Other helpful resources

If you are looking for a more digestible financial report then Experian offers a one off credit check report for limited companies for only £24.99. A bargain if you are thinking of leaving a company where you have accrued employee rights and have a certain amount of protection. Not only do they detail all the financial information but they give a score out of 100 based on financial risk and calculate the acid test ratio to measure whether the company is ‘distressed’ or not. It’s not always cash distressed, it could be distress due to CCJs.

What now?

Hopefully this article has gone some way to demystifying the public information available on Companies House. We wouldn't recommend just basing your decision making on this one article but hopefully it has given you more confidence about what to look for before your next career move. Finance is a complicated business so don’t beat yourself up if you don’t understand all the information on Companies House. If in doubt, seek out a second opinion from someone more financially literate before making a huge decision.

Here is some extra info about why negative equity is a risk

  1. Financial Instability: Negative equity indicates that the company's financial position is weak. It may struggle to meet its financial obligations, such as debt repayments, supplier payments, or operating expenses. This can lead to cash flow problems, increased borrowing costs, and potential bankruptcy or insolvency.

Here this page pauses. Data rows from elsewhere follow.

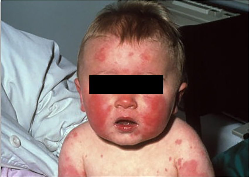 Первыми появляются пятна на щеках. Изначально они имеют вид мелких красных пятнышек, которые быстро сливаются в эритему. Через несколько дней сыпь на лице становится менее заметной и одновременно с этим образуются пятна на теле. Ребенок заразен только в период до появления сыпи! Иногда у малыша наблюдается повышенная температура.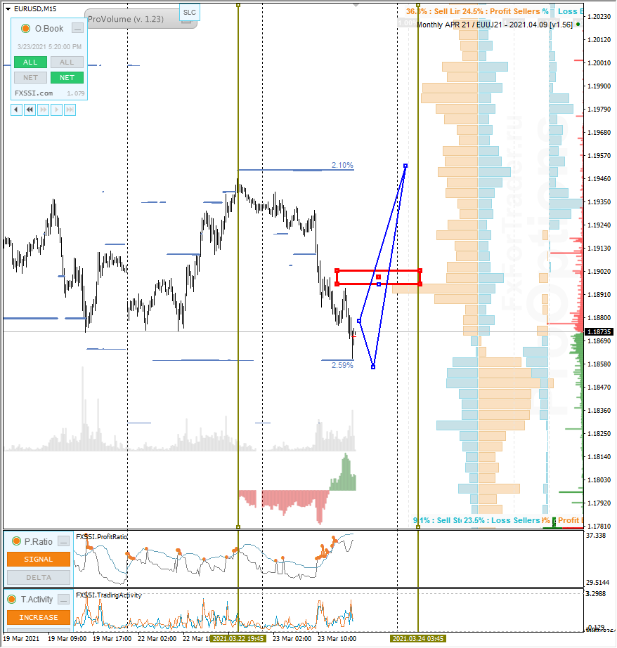 С началом американской сэссии можем получить обратное движение, т.е. рост. Нарисовал зону пробой которой будет сигналом к лонгам. Целей в верху много и некоторые из них далеко, так что сделка может быть не на один день. Ну а коли я не прав так стопы меня рассудят)))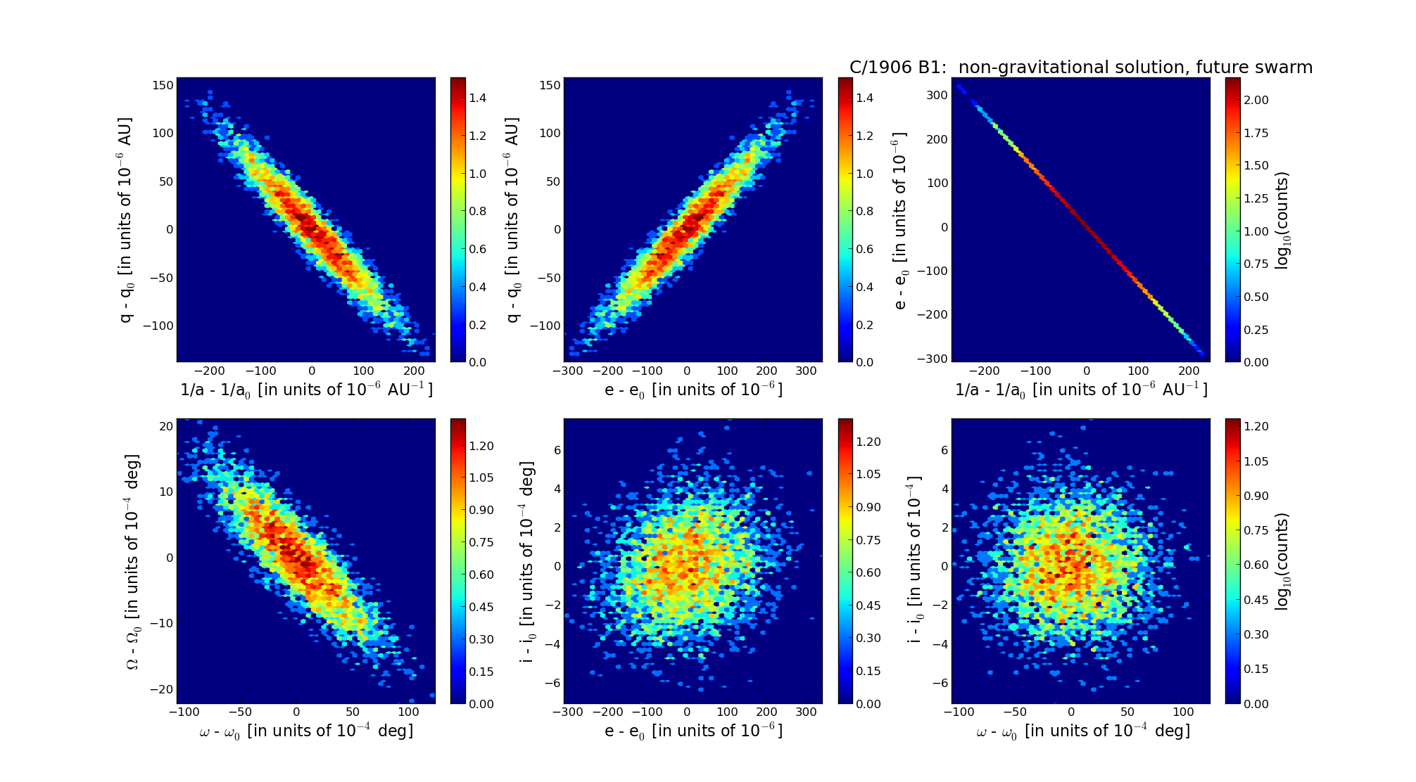 Six 2D-projections of the 6D space of future swarm including 5001 VCs. Each density map is given in logarithmic scale presented on the right in the individual panel.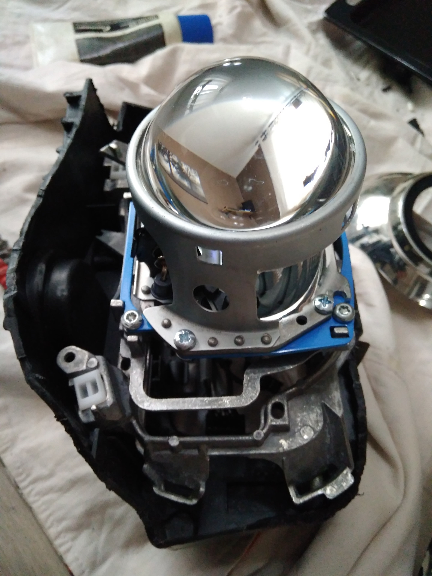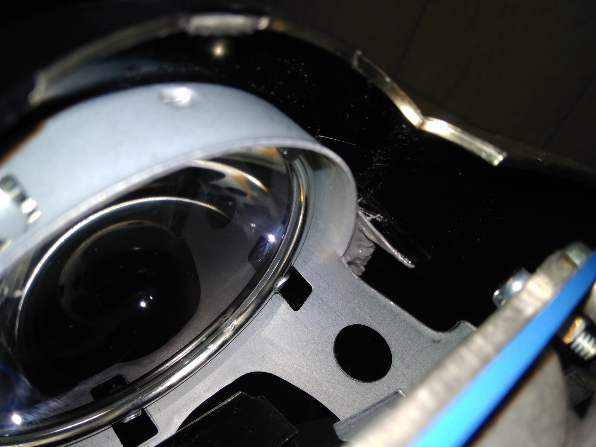Крепления внутренней бленды проектированы под посадочные места линзы Валео. С хеллой эти места различаются, пришлось немного фантазировать но я не нашел никакого другого надежного варианта, кроме как приклеить на поксипол.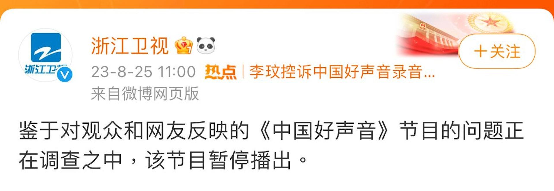 8月25日,播放《中國好聲音》的內地電視台浙江衛視宣布,「鑑於對觀眾和網友反映的《中國好聲音》節目的問題正在調查之中,該節目暫停播出。」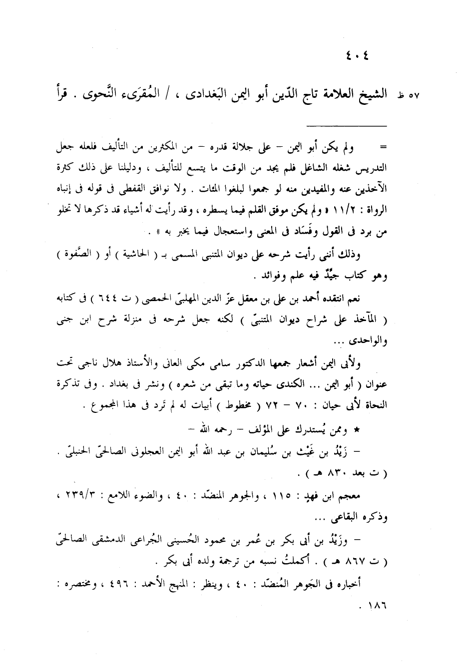 الشَّيْخ الْعَلامَة تَاج الدّين أَبُو الْيمن البغدادى المقرىء النحوى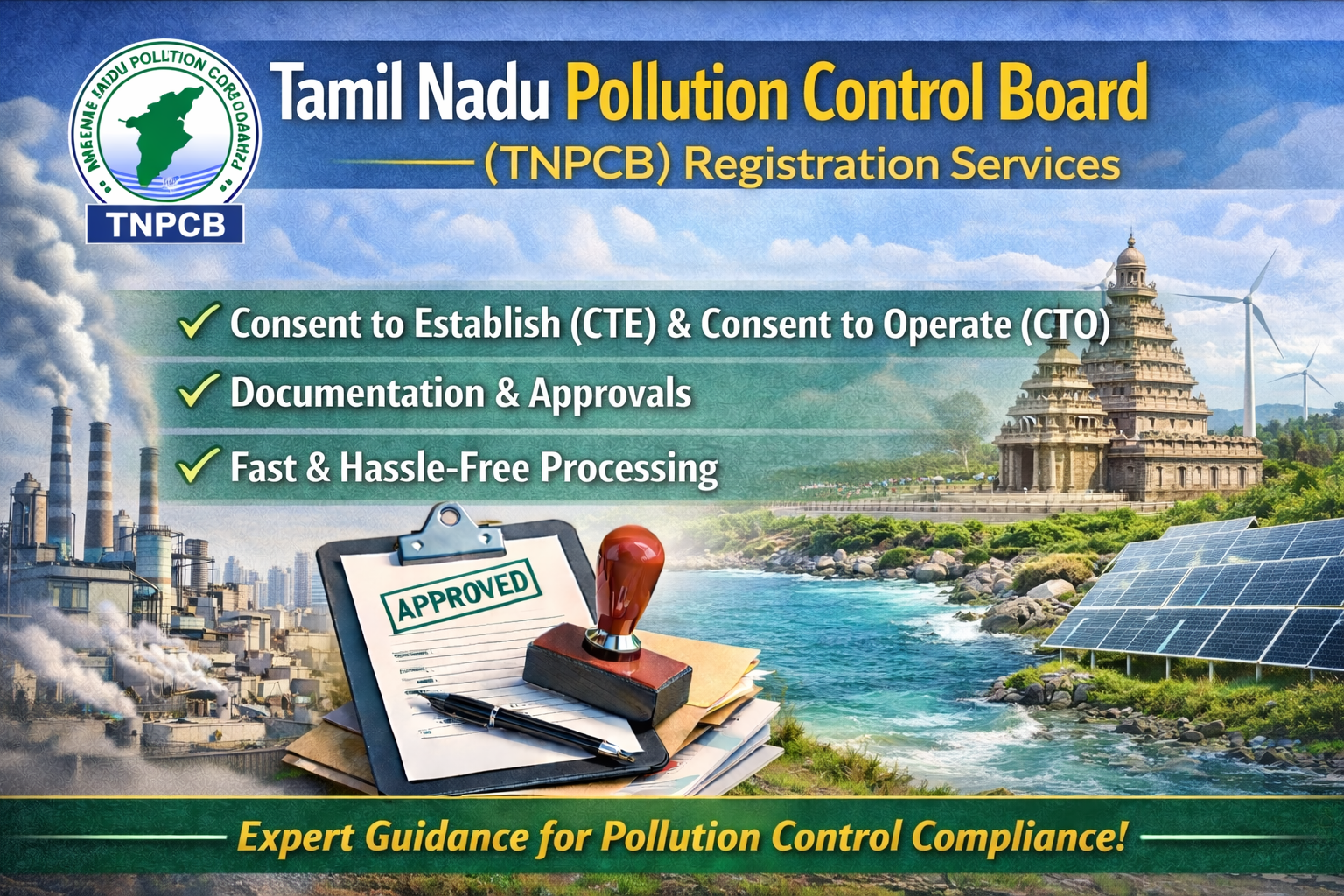 Get expert assistance for TNPCB registration, Consent to Establish (CTE), Consent to Operate (CTO), and compliance services. We help with documentation, application filing, and approvals. Ensure fast processing and hassle-free pollution control registration in Tamil Nadu.

  2. Difficulty in Obtaining Financing: Negative equity makes it challenging for a company to secure new financing or attract investors. Lenders and investors prefer companies with positive equity as it demonstrates financial health and a buffer against potential losses. Negative equity may limit the company's ability to fund its operations or invest in growth opportunities.

  3. Reduced Credibility and Reputation: Negative equity can damage the company's reputation and credibility in the market. Stakeholders, including customers, suppliers, and business partners, may view the company as financially unstable or risky. This can result in reduced business opportunities, strained relationships, and difficulty in attracting and retaining key stakeholders.

  4. Legal and Compliance Issues: Negative equity may trigger legal and compliance concerns. Depending on the jurisdiction and industry, there may be legal requirements regarding minimum equity levels, financial reporting, or obligations to creditors. Failure to meet these obligations can result in legal consequences, regulatory penalties, or further deterioration of the company's financial position.

  5. Limitations on Growth and Investment: Negative equity restricts a company's ability to pursue growth strategies, such as acquisitions, expansion, or research and development. Without sufficient capital, the company may struggle to invest in new products, technologies, or market opportunities, putting it at a disadvantage compared to competitors.